MYX Finance token has rallied hard after weeks of heavy selling pressure that had pushed it into deeply oversold territory.
This sudden reversal comes after a confirmation that MYX Finance had closed a major strategic funding round led by Consensys ahead of its V2 launch.
The combination of fresh capital, renewed confidence, and an upcoming product upgrade created the perfect conditions for a strong rebound.
Funding milestone reshapes MYX Finance narrative
The completion of the Consensys-led funding round has marked a turning point for MYX.
Consensys emerged as the largest investor, signalling strong institutional belief in the project’s long-term direction.
For many market participants, this backing acts as external validation at a time when sentiment around MYX was at its weakest.
MYX had just endured a brutal February sell-off that erased a large portion of its market value.
MYX prices had fallen rapidly, liquidity thinned, and confidence was clearly shaken.
The funding announcement shifted the narrative almost instantly, with traders pricing in future growth tied to the upcoming V2 launch.
Notably, the funding is expected to support infrastructure development rather than short-term hype.

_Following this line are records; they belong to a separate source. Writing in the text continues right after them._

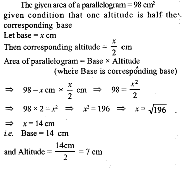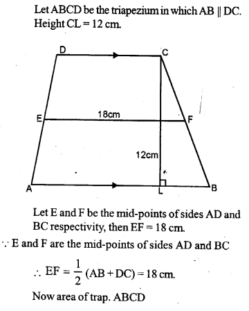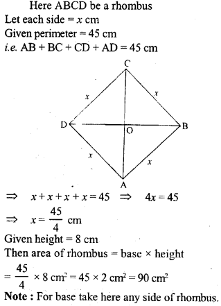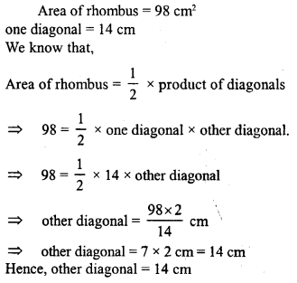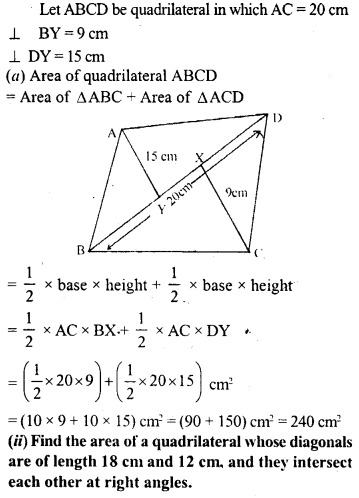 (i) Find the area of quadrilateral whose one diagonal is 20 cm long and the perpendiculars to this diagonal from other vertices are of length 9 cm and 15 cm.
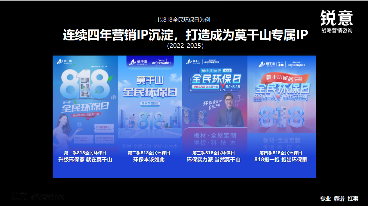 莫干山的品牌体系打造上,也体现出战略远见。围绕自身的品牌和品类价值,构建了“超级品牌日、全民环保日、实木定制节、零碳战略”,一年三会一节,通过节日,制造记忆;通过记忆,制造文化;通过文化,制造归属。品牌势能,就这样在固定的节奏中,一点一点垒起来。
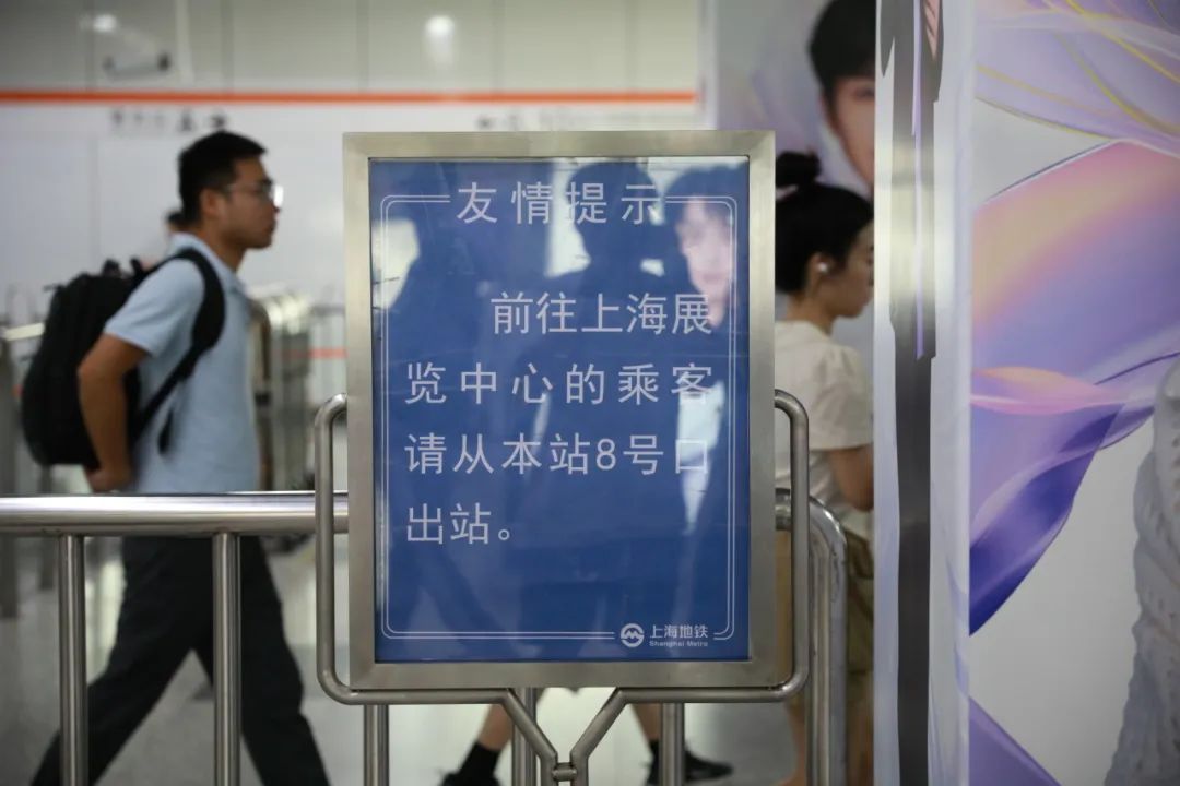 记者分别在靠近2号线、7号线、14号线的区域里,看到了指示牌上清晰写着:前往上海展览中心的乘客请从本站8号口出站。

With the V2 launch, MYX Finance aims to evolve from a simple trading interface into a professional-grade execution engine.
Features such as gasless transactions and one-click trading will be introduced to reduce friction for both retail users and advanced traders, placing MYX Finance closer to core derivatives infrastructure than a typical DeFi application.
MYX price forecast
At the time of writing, MYX’s price was pulling back after hitting an intra-day high of $1.79.
For short-term traders, the focus is on support around $1.30 to $1.45, despite the RSI signalling an oversold condition.

If the price manages to hold above $1.3, it would suggest that buyers remain in control.
If the bullish momentum returns, the immediate resistance sits near $1.75 to $1.80.
This area previously capped the price during the rebound and could trigger profit-taking.
A confirmed break above this zone would open the door toward the psychological $2.00 level.
Beyond that, the $2.00 to $2.20 region stands out as a heavier resistance area where sellers may become more aggressive.
On the downside, a loss of the $1.3 level could expose MYX to a deeper retracement toward $1.20.
Such a move would not invalidate the longer-term thesis but would delay bullish momentum.
For now, MYX sits at a crossroads between recovery and consolidation.